F1 Racing Confidential: Inside Stories from the World of Formula One

by Giles Richards

“One of the things people outside elite sport don’t understand is that generally people competing at the very top of sport want everyone else to really hurt.”

—Tom Stallard, race engineer, McLaren (and one-time Olympic rower)  

This chunky softback enables Formula One fans, especially newer converts, to obtain an insight into the diversity of personnel involved in getting an F1 car on the grid. Nineteen personal profiles make for 300 pages of well-written text in the sort of fit-for-purpose prose you’d expect from a journalist who knows his way around the F1 paddock.

The choice of subjects ranges from the stars, such as Lando Norris and Toto Wolff, to the backroom specialist—race strategist Ruth Boscombe—and (in a relative sense) the spear carriers, such as marketing director Victoria Johnson and machinist Neil Ambrose. There are also some roles you might not expect, such as ESport driver Lucas Blakeley, and there is also one role whose absence would have been incomprehensible a generation ago, and I’ll talk about that later.

Sarah Lacy-Smith, Logistics Coordinator, McLaren.

Formula One is a curious sport in that most of its followers regard it as a mano a mano contest between gladiators riding the highest of hi-tech steeds. In contrast, most of its participants take pains to emphasize how much it is a team sport. Do you remember how often (at least in his Mercedes years) Lewis Hamilton would insist that “we win together and we lose together”? To which I say, baloney, because the public knows it’s the driver who wins a Grand Prix, regardless of the 800-strong team and gazillion dollar budget. Not convinced? I bet you know who was WDC in 1976, 1982, and 2008—but who took the constructors’ championship in those years? *

But for every Scarlett Johansson or Brad Pitt there’s a legion of “other ranks,” from the location scout to the gaffer and the best boy, without whose efforts the show doesn’t go on. And, since Drive to Survive,cameras are ubiquitous, on track and off, making everyone the star of their own soap opera. Not convinced? Then just watch the performative fist pumping in the pit garage that punctuates every overtake, the macho swaggering and the synchronized hands-on-head despair at every misfortune. Bear that in mind, as one senses the dead hand of the PR team in some of the responses given here.

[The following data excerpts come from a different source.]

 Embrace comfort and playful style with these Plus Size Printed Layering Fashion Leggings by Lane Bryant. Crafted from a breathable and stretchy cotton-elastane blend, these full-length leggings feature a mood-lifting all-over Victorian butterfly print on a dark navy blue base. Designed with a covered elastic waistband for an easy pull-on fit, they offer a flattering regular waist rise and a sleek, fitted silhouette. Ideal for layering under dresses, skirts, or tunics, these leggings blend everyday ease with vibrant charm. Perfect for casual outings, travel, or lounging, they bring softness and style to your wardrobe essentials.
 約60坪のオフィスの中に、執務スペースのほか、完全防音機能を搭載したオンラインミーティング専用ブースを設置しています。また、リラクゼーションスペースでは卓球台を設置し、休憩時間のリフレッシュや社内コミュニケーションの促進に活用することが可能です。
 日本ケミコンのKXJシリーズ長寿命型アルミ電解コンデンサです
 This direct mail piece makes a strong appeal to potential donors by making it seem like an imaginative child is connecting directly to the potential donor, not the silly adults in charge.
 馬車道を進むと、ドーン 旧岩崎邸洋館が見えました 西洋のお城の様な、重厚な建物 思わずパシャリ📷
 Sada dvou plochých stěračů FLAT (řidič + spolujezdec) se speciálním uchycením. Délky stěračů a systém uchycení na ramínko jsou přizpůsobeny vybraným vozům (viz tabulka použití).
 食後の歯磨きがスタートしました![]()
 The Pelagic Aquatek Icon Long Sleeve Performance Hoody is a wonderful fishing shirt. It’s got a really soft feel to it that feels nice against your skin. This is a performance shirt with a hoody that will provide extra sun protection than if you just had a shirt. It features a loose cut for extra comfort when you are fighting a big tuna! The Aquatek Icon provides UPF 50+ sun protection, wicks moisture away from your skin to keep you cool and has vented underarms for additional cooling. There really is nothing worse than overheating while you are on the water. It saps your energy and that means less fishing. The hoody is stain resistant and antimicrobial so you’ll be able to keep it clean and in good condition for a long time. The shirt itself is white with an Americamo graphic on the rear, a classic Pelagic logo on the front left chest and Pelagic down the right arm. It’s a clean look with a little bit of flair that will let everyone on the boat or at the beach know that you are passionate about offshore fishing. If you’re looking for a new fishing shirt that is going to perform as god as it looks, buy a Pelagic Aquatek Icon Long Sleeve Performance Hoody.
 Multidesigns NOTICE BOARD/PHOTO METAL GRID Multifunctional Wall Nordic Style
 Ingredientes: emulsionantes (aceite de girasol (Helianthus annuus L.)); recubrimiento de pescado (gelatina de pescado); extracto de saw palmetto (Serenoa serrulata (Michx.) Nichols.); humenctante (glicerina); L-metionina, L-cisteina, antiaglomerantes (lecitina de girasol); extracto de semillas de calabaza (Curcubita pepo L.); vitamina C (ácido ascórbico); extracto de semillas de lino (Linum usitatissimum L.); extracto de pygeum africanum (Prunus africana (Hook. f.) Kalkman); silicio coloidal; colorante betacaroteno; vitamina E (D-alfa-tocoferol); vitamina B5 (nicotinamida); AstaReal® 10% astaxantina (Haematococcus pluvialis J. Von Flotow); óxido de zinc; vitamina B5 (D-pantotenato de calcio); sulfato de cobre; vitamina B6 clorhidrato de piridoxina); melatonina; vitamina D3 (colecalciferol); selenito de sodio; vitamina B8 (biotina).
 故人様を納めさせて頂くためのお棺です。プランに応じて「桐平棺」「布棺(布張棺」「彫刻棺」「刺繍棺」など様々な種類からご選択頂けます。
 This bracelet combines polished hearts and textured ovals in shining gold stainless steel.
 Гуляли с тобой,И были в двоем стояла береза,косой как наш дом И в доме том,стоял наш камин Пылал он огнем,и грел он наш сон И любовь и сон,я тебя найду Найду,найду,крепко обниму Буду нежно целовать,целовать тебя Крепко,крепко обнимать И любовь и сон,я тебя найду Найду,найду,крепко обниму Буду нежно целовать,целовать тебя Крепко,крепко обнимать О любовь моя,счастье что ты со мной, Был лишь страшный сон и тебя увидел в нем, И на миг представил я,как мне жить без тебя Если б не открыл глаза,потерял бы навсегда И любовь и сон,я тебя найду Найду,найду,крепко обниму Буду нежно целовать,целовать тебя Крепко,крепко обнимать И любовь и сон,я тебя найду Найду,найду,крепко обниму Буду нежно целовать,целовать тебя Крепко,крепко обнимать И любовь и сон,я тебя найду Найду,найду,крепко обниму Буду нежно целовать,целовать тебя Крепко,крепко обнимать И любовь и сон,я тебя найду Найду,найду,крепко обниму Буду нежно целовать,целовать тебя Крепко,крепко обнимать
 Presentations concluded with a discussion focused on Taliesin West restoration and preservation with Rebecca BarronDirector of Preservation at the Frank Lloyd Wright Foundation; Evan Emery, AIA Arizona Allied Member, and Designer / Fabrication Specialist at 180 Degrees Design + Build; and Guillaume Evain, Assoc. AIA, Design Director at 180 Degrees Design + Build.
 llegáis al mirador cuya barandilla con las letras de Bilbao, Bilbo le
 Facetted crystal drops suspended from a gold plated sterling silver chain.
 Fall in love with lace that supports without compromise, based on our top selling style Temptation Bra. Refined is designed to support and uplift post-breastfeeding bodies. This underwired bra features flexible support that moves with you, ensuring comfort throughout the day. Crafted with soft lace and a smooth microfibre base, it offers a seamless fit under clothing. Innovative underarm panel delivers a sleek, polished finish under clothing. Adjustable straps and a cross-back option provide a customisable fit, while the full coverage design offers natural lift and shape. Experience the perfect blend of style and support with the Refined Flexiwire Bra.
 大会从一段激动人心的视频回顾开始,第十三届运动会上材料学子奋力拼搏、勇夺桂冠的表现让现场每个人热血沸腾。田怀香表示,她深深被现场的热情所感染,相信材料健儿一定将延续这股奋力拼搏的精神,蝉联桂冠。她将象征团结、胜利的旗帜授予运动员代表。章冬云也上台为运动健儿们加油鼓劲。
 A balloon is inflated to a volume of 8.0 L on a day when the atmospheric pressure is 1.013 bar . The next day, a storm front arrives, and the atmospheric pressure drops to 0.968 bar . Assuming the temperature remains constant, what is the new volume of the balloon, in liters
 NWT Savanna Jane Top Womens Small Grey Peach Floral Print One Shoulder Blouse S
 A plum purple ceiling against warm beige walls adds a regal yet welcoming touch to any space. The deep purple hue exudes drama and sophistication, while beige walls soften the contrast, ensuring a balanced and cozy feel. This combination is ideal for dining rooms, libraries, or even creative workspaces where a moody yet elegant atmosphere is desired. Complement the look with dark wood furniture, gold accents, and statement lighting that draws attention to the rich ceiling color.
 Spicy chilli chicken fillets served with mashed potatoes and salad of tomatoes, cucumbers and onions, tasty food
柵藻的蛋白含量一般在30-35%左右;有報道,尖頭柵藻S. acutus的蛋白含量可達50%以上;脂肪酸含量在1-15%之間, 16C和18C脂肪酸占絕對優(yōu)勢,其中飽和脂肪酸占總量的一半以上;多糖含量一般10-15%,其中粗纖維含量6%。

Jack Partridge, Aston Martin technician.

The higher the interviewee’s position in the team hierarchy, the less interesting they are. Toto Wolff sounds like he’s on a management team away day: “I have never felt pressure . . . I take calculated risks that mean I can cope with the worst outcome.”  This, from the guy who smashed his headphones into the furniture as the chaos of Abu Dhabi 2021 reached its ignominious climax. Wolff’s nemesis, the currently unemployed Christian Horner, plays his usual pantomime villain role to perfection.

But what makes this book worth reading are the life stories of the less well-known members of the F1 community. People like Ruth Buscombe, who overcame a traumatic cycle crash while studying aerodynamic engineering at the University of Cambridge and went on to work for Ferrari and Haas before moving to the position as head of race strategy at Alfa Romeo. “I realised that [race strategy] was really rather cool, and it was the same maths as poker or high-speed chess.”Mercedes technical director James Allison shrewdly describes how the pursuit of “every single thing you work on hardly seems worth it, but if . . . you work on hoovering up those milliseconds . . . they accumulate into something that is worth it, but the degree of anal retentiveness necessary to do that is unusual.”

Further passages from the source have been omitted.